Y es que en gran medida, los menores resultan tan desgastantes porque son preciados. Representan el futuro de la humanidad, son depositarios de nuestra esperanza y son la mejor manifestación del karma: todo el amor que les damos, nos lo regresan.
Pero una situación en la que me veo especialmente afectada es en los autobuses que viajan de una ciudad a otra. La aparición de críos en el escenario es pavorosa. Significan, comúnmente, llantos, berrinches, vómitos, vocecitas chillonas que no encuentran descanso y cómo no, significan también funestas patadas al asiento.
Pero en lo que también se traduce la existencia de un infante viajero, y que es inconmensurablemente peor, es en un padre o madre que está histérico y que, a pesar de gritos y esfuerzos, no logra controlar a su descendencia. (¿Será directamente proporcional la histeria con la falta de control? Más aún: ¿es la histeria falta de control?) Qué gusto da ver a jefes de familia que de hecho consiguen disciplinar a sus hijos. Y qué gusto da, por supuesto, ver a niños jugando al muertito durante todo el trayecto.

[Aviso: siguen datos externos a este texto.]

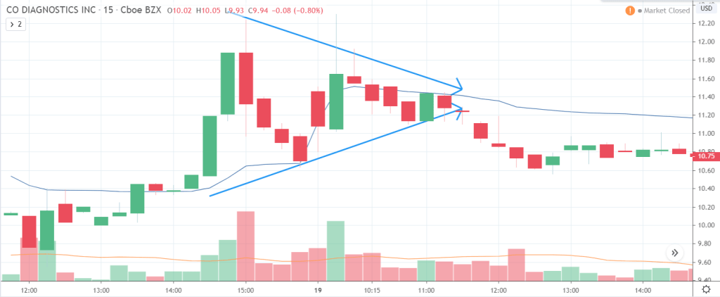 Generalmente luego del primer spike se produce un retroceso no mayor al 50% de la corrida, con menos volumen y más gradual, tomando forma de arco hasta llegar nuevamente al nivel de la resistencia. El segundo retroceso generalmente es con menos volumen que el primero y menos pronunciado, para finalmente recuperar la tendencia alcista con un incremento de volumen significativo, generando el breakout.
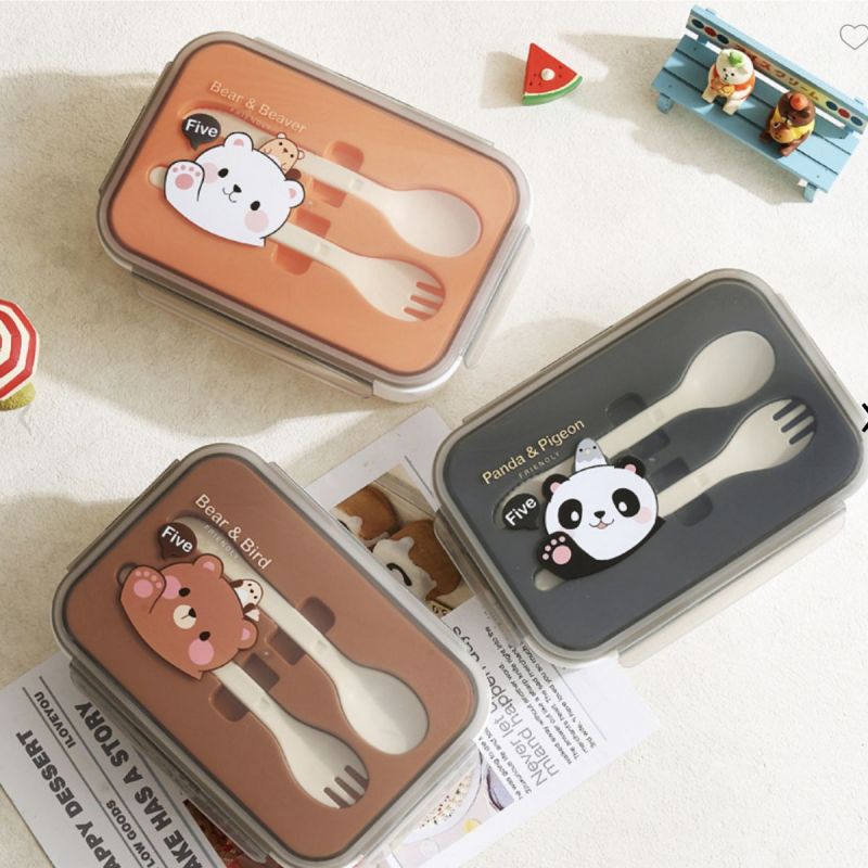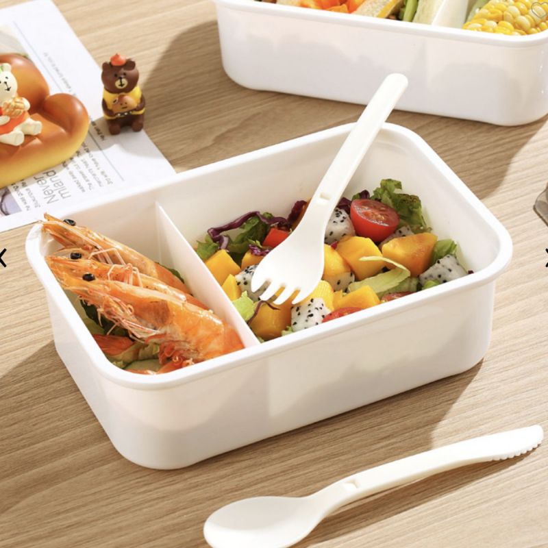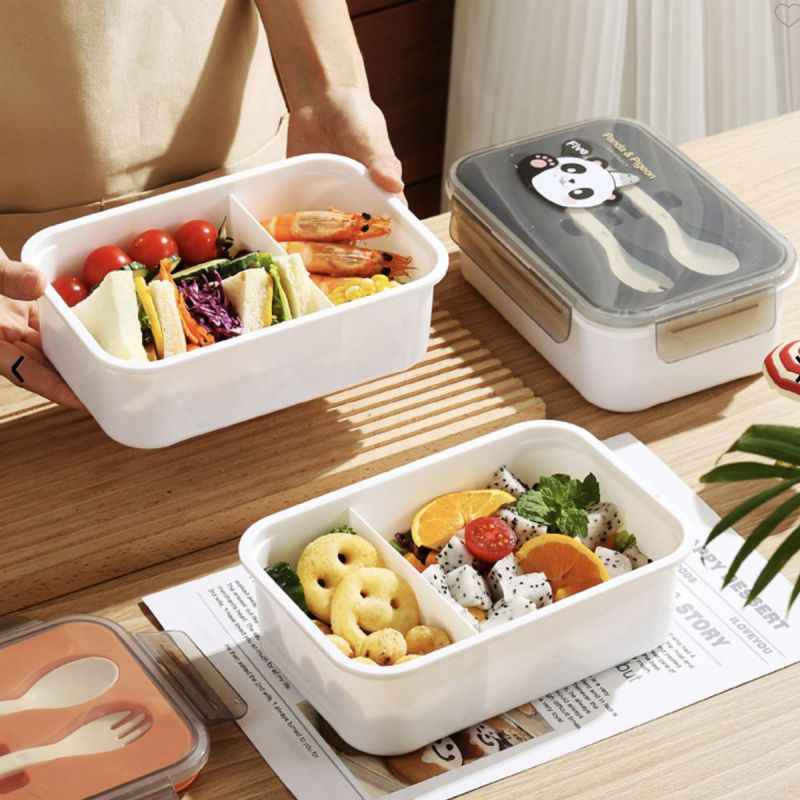 Vianda Tapers Lunch Box de Plástico con 2 Divisiones + Cubiertos - 1200ml NEGRO
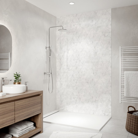 Le décor mural Marbre Géo associe l’élégance intemporelle du marbre blanc à un motif géométrique subtil et moderne. Ses lignes fines créent des jeux de reliefs et de perspective, idéals pour donner du rythme et du caractère à vos espaces tout en conservant la pureté du marbre.
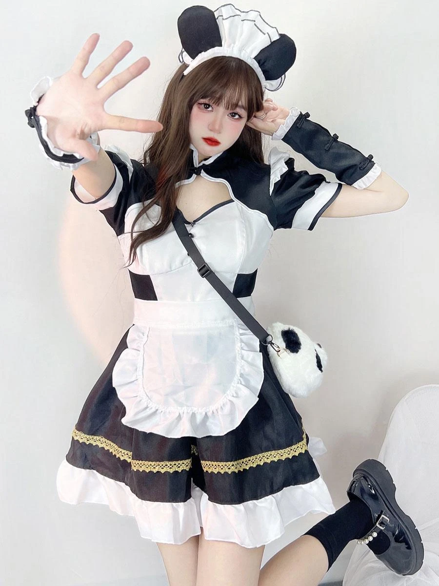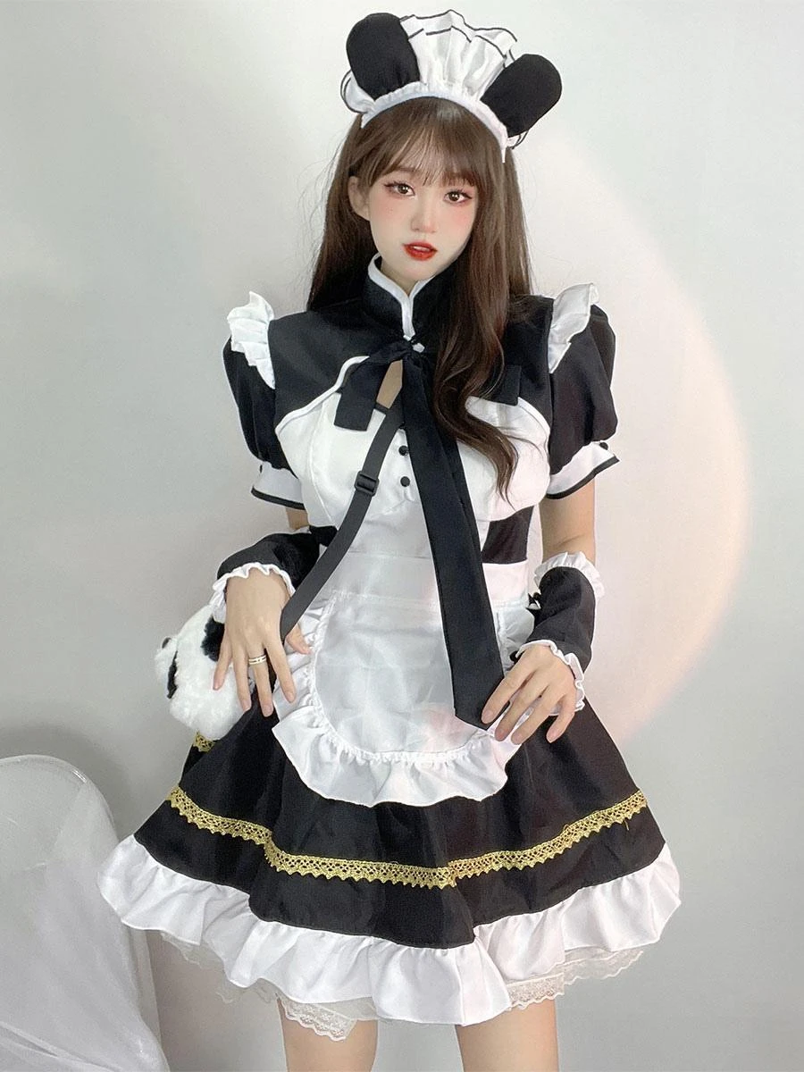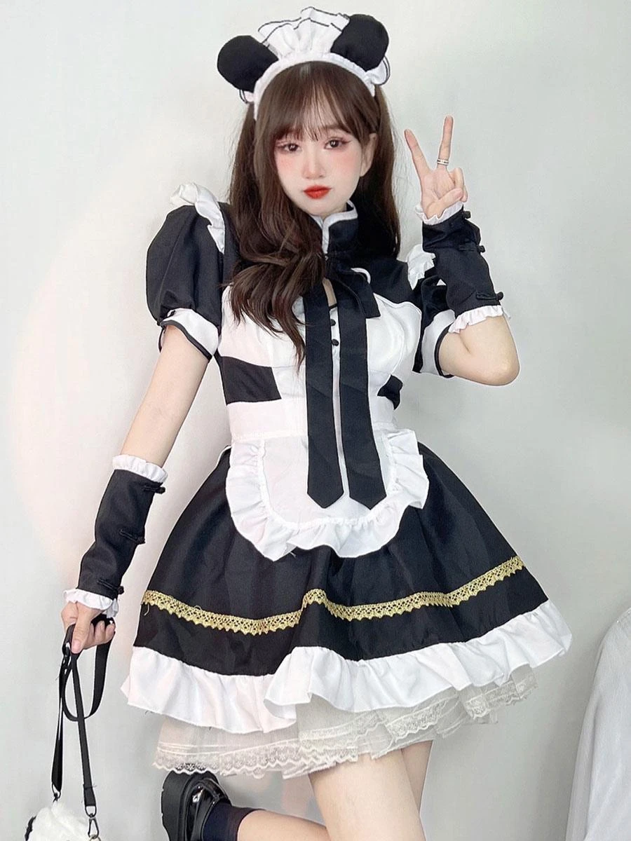 Maid Lolita Dress Polyester Short Sleeves Whit Ruffles Lolita Dress
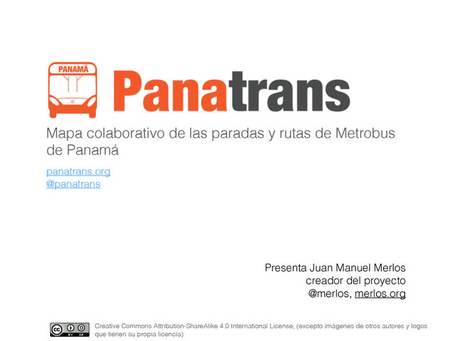 Panamá ! ! Presenta Juan Manuel Merlos creador del proyecto @merlos, merlos.org panatrans.org @panatrans Creative Commons Attribution-ShareAlike 4.0 International License, (excepto imágenes de otros autores y logos que tienen su propia licencia)
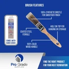 Pro-Grade Supplies Premium Paint Brushes Set includes 12 PK 1 Inch Flat Professional Grade at the Perfect Price: Pro-Grade paint brushes are made with the consumer in mind from quality parts to the affordable price compared to other high quality paintbrushes. Flat sash paintbrush is perfect for cutting in walls as well as trim. Pro Grade paint brushes are designed for long lasting and to be washed and reused for all your painting projects and touch ups. Use the cardboard cover to store properly. A thick quality synthetic filament blend is designed hold more paint to save time with less streaks and premium finish on your walls or trim. Perfect for all latex and oil base paints and stains. Thinner tip at ends provides better cutting control. Heavy duty solid wood handles are designed for comfort and control. This allows the professional painter or the novice to get great results on painting walls, trim, cabinets, doors, fences, decks, touch ups and arts and crafts. Pro Grade brushes are priced right to allow professional painters or the novice painter the ability to use a high quality paintbrush without breaking the bank. From the thinner tip for cutting ease to the stainless steel ferrule connected to the solid wood comfort handle you will be satisfied.
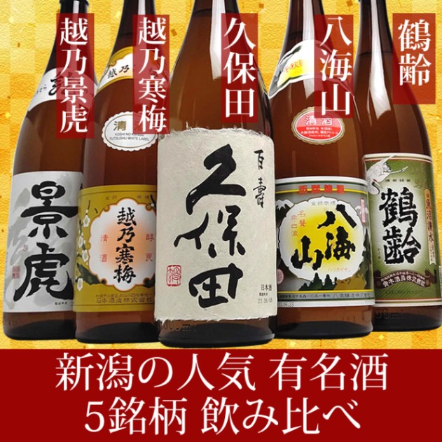 新潟 人気 有名酒 飲み比べ 1800ml 5本(第48弾) 久保田 越乃寒梅 八海山 越乃景虎 鶴齢 日本酒 飲み比べセット 日...
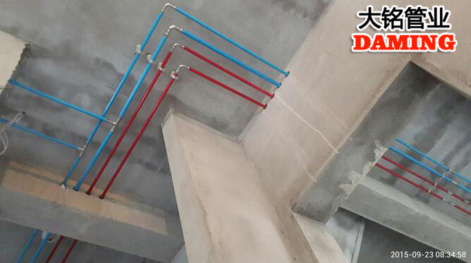 驗收技巧:禁止把水管壓在管線上面,首先要分清水管和管線。支架入墻處標有紅線的水管是熱水管,標有藍線的水管是不銹鋼冷水管,較細的純白色管是管線。

Ahora me encuentro viajando de un sitio a otro. Y mientras que pude haber hablado de la mujer sentada a mi lado, gorda y de brazos pozoleros que no consiguen quedarse pegados al tronco de su cuerpo y en cambio me propina codazos de vez en cuando, rubia de paquete de 35 pesos en Walmart y comedora compulsiva de galletas Emperador, no lo haré.
Simplemente le dedicaré todo mi desprecio al niño atrás de mí que sigilosa y efectivamente me esta fastidiando los riñones con sus pataditas castrosas. Los odio, niños de autobús. Los odio.